(DATASET ENTRIES)
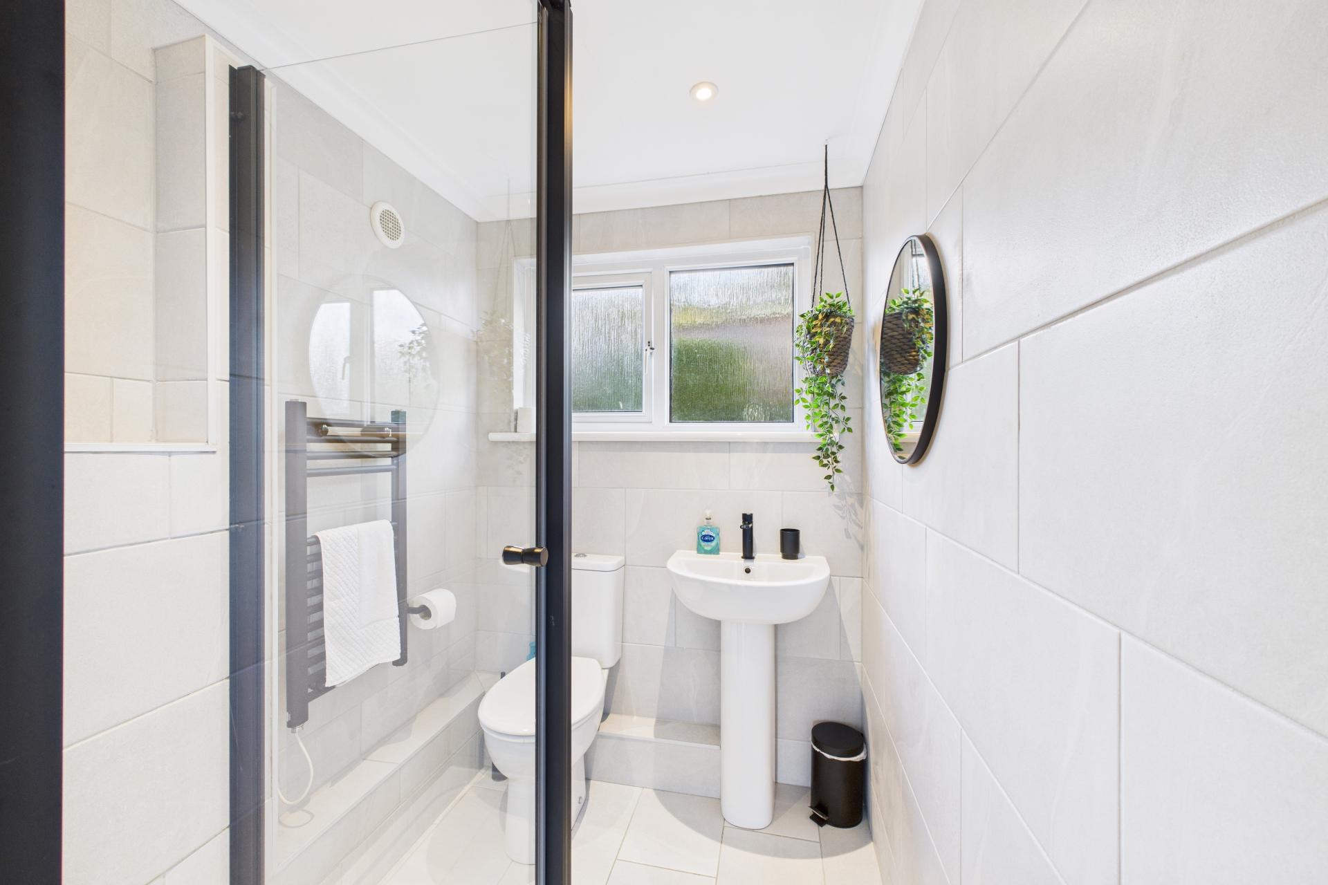 Fully tiled floor and walls, pedestal wash hand basin, close couped WC, walk in shower cubicle with electric shower inset, heated towel rail, double glazed frosted window to the rear
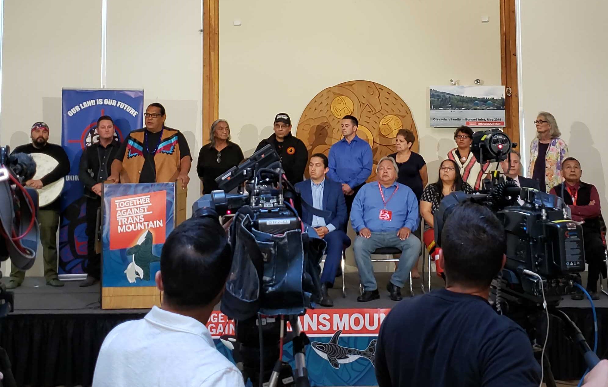 Top photo: Indigenous leaders hold a press conference following the re-approval of Trans Mountain in June 2019 (Photo: Eugene Kung).
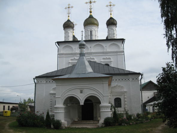 Первой возвели каменную церковь – Собор Сретения Владимирской иконы Божьей Матери. Главная его достопримечательность – купола, выполненные из глазурованного лемеха с золотым отливом. Нигде больше в центральной России не найти подобной красоты. Ближайшим аналогом можно признать выполненную по сходной технологии облицовку куполов мавзолея Гур-Эмир в Самарканде.
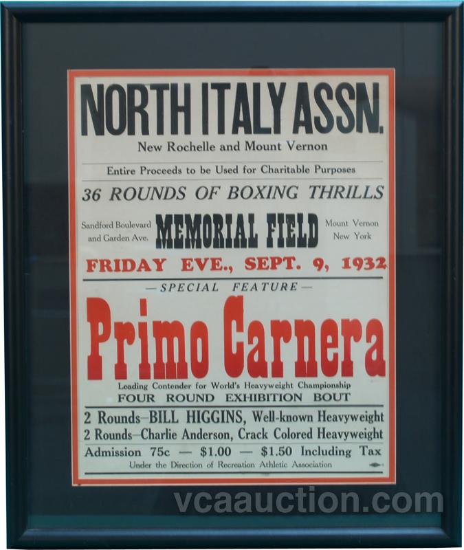 "North Italy Assn" Boxing Broadside, Friday Eve., Sept. 9, 1932 Memorial Field Mount Vernon, New York. Under the direction of Recreation Athletic Association, in good condition in frame - 17" x 21"
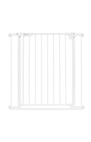Szeroki zakres od 75 do 85 cm pasuje do większości standardowych framug. Specjalna nakładka umożliwia przedłużenie barierki aż do 105 cm. Po dołożeniu dodatkowego rozszerzenia bramkę można stosować również w celu zabezpieczenia schodów.
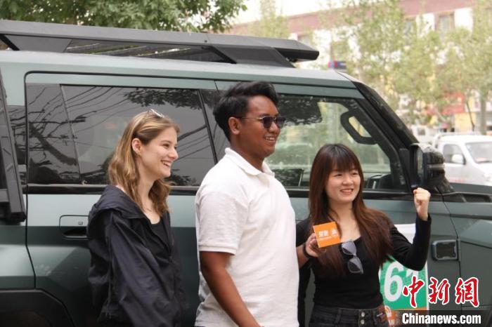 北京語言大學的留學生們在環(huán)塔拉力賽事期間體驗中國新能源車。賈志鵬 攝
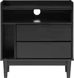 With an array of open and closed storage, the Symelo nightstand will effortlessly evoke a sense of functional elegance into your sanctuary. Embrace a mid-century modern aesthetic with its gallery top and tapered wood legs, while sleek metal drawer pulls impart a subtle modernity. Use the two spacious drawers to tuck away clutter and slip books, magazines, and other bedtime essentials into the open cubbies. Whether you use it as a couch side storage companion or at your bedside for easily accessible nighttime necessities, this solid pine wood piece offers a versatile and timeless take on sustainably stylish interiors. Customer assembly is required.
(End DATASET ENTRIES)
## [WORK TASK]
All pictures are to be skipped. Output, word for word, the lines in the data above starting at the line containing "Top photo: Indigenous" and ending at the line containing "Первой возвели каменную".

## [ANSWER SECTION]
 Top photo: Indigenous leaders hold a press conference following the re-approval of Trans Mountain in June 2019 (Photo: Eugene Kung).
 Первой возвели каменную церковь – Собор Сретения Владимирской иконы Божьей Матери. Главная его достопримечательность – купола, выполненные из глазурованного лемеха с золотым отливом. Нигде больше в центральной России не найти подобной красоты. Ближайшим аналогом можно признать выполненную по сходной технологии облицовку куполов мавзолея Гур-Эмир в Самарканде.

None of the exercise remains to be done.